First, since the metabolic network includes the different cellular compartments, input metabolites can be mapped on different compartments. For example, the methionine (M_met_L) is found in the cytosol (M_met_L_c), the mitochondria (M_met_L_m), the lysosome (M_met_L_l), the extracellular space (M_met_L_e) and a “boundary” compartment (M_met_L_b).

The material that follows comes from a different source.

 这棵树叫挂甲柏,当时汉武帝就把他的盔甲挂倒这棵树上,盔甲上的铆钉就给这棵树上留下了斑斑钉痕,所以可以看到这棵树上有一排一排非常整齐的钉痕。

  • The “extracellular space” (e) and “boundary” (b) compartments include metabolites that can be exchanged by the cell or organism with its environment (e.g., metabolites that are produced or consumed by the cell to or from the cell culture medium). These compartments are added in the metabolic network to account for the exchange reactions with the environment, but these metabolites are actually not measured when performing intracellular metabolomics analyses, and therefore should be removed from the list.
  • Other compartments correspond to intracellular compartments (Cytosol, mitochondria …). Because there are no information about the cellular localization of the identified metabolites in the data, it is necessary to keep all the metabolites mapped in these intracellular compartments.
  • Remove “*_b” and “*_e” metabolites as well as “M_Rtotal” metabolite from initial list

  • Copy / paste the displayed list with only “BioSource_Identifier” and “average distance” columns in another excel file or tab.

Filter metabolites to map Filter metabolites to map in Excel (screenshot from LibreOffice but it must look like this)

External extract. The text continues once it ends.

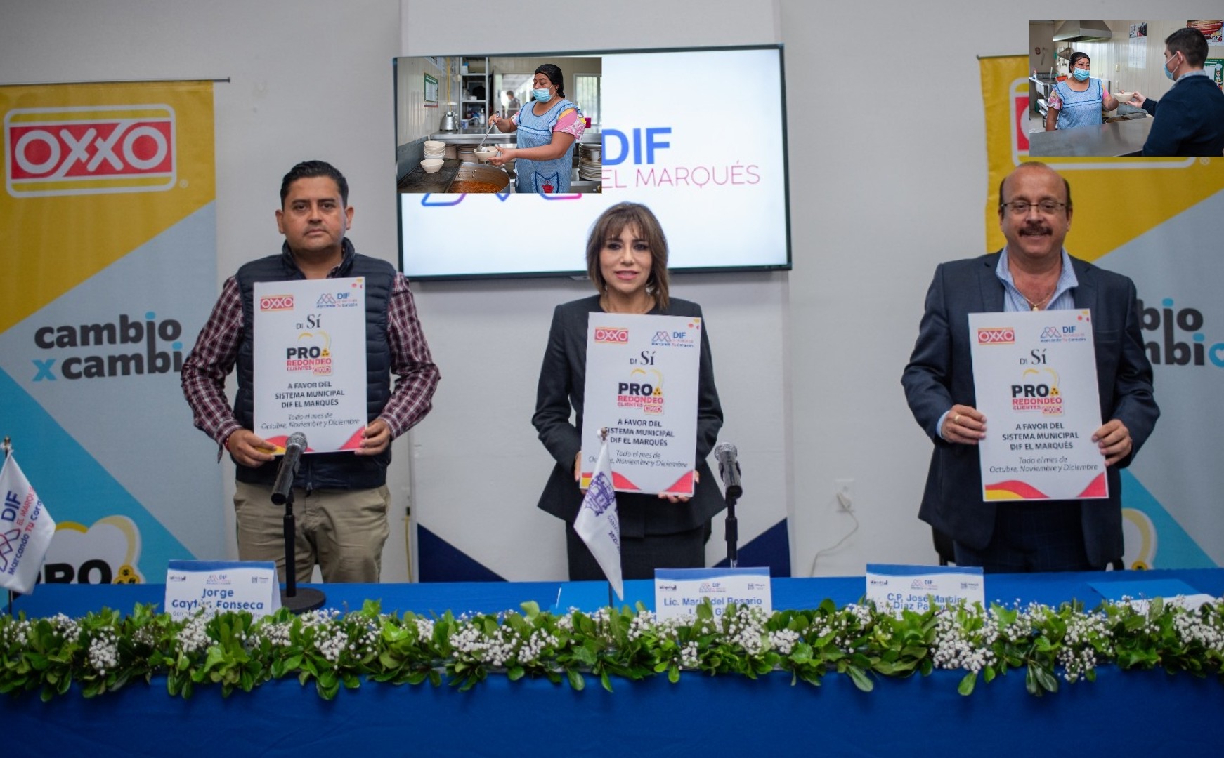 Como parte de los esfuerzos para mejorar la alimentación y calidad de vida de las niñas y niños de El Marqués, el Sistema Municipal para el Desarrollo Integral de las Familias (SMDIF), de El Marqués, en coordinación con las tiendas OXXO, presentaron el Programa de “Redondeo OXXO”, que destinará lo que se recaude para beneficio de más seis mil 800 niños, de 88 centros escolares en El Marqués.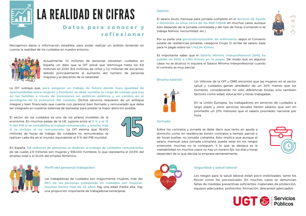Desde UGT Servicios Públicos creemos que es clave reconocer la contribución de los cuidados a la sociedad y por ello impulsar, fortalecer y consolidar los servicios públicos de cuidados. El sector de los cuidados es uno de los pilares invisibles de la economía. En muchos países de la UE, supone entre el 5 % y el 15 % del PIB si se contabiliza el trabajo remunerado, y mucho más si se incluye el no remunerado. La OIT estima que 16.400 millones de horas de trabajo de cuidados no remunerados se realizan cada día en el mundo, y esa cantidad es equivalente al 9 % del PIB mundial.

A “cleaned” list of BioSource metabolite identifiers to be used for mapping is provided here.

This final list contains 63 distinct network metabolites.

We will use the columns “BioSource_Identifier” and “average_distance” (which corresponds to the matching distance between the metabolites from the HE dataset and the network metabolites).

Perform mapping in MetExplore

  • Select “Omics” - “Mapping” - “From Omics” in the menu at the top of the page: this will open a “Mapping” window
  • Check the “Consider first row as header of columns” box if you have copied the first line containing the columns headers.
  • Enter a “Mapping name”
  • Copy the data from the Excel file (select only the columns “BioSource_Identifier” and “average_distance”) and paste it directly in the mapping grid, using Ctrl+V.

Note that the first column of your input data must be the type of identifiers that will be used to perform the mapping. Following columns are facultative and correspond to numeric values in different conditions. In our case, the condition is the average matching distance.

How to do mapping in MetExplore? (click me!)

Mapping

Import data metabolites for mapping in MetExplore

Mapping can be performed for all biological objects stored in a metabolic network (pathways, reactions, metabolites, enzymes, gene products and genes).

  • Select “Metabolite” as the type of biological objects you want to map in the “Object” menu

  • Select “Identifier” as feature, to indicate that you are providing BioSource identifiers. 

  • Click on the “Map” button

Results of the mapping in MetExplore (click-me!)

Mapping Result

Import data metabolites for mapping in MetExplore

Once the mapping has been achieved, a new column “Identified” is displayed, indicating, for each input metabolite, whether it has been found in the network (true) or not (false). Some statistics are also displayed:

  • “Nb. Data”: the initial number of metabolites in the input dataset;
  • “Nb mapped”: the number of input metabolites that have been successfully mapped in the network;
  • “Nb. Data in the network”: the number of corresponding network metabolites; Note that these two last numbers might differ if two input metabolites map on the same network metabolite for instance.

The mapping can be exported using the “Save Mapping in File” button in the mapping window: it will be exported as a json file and can be later imported back in MetExplore using the “Import” menu in the top bar, and selecting “Import Mapping from file”.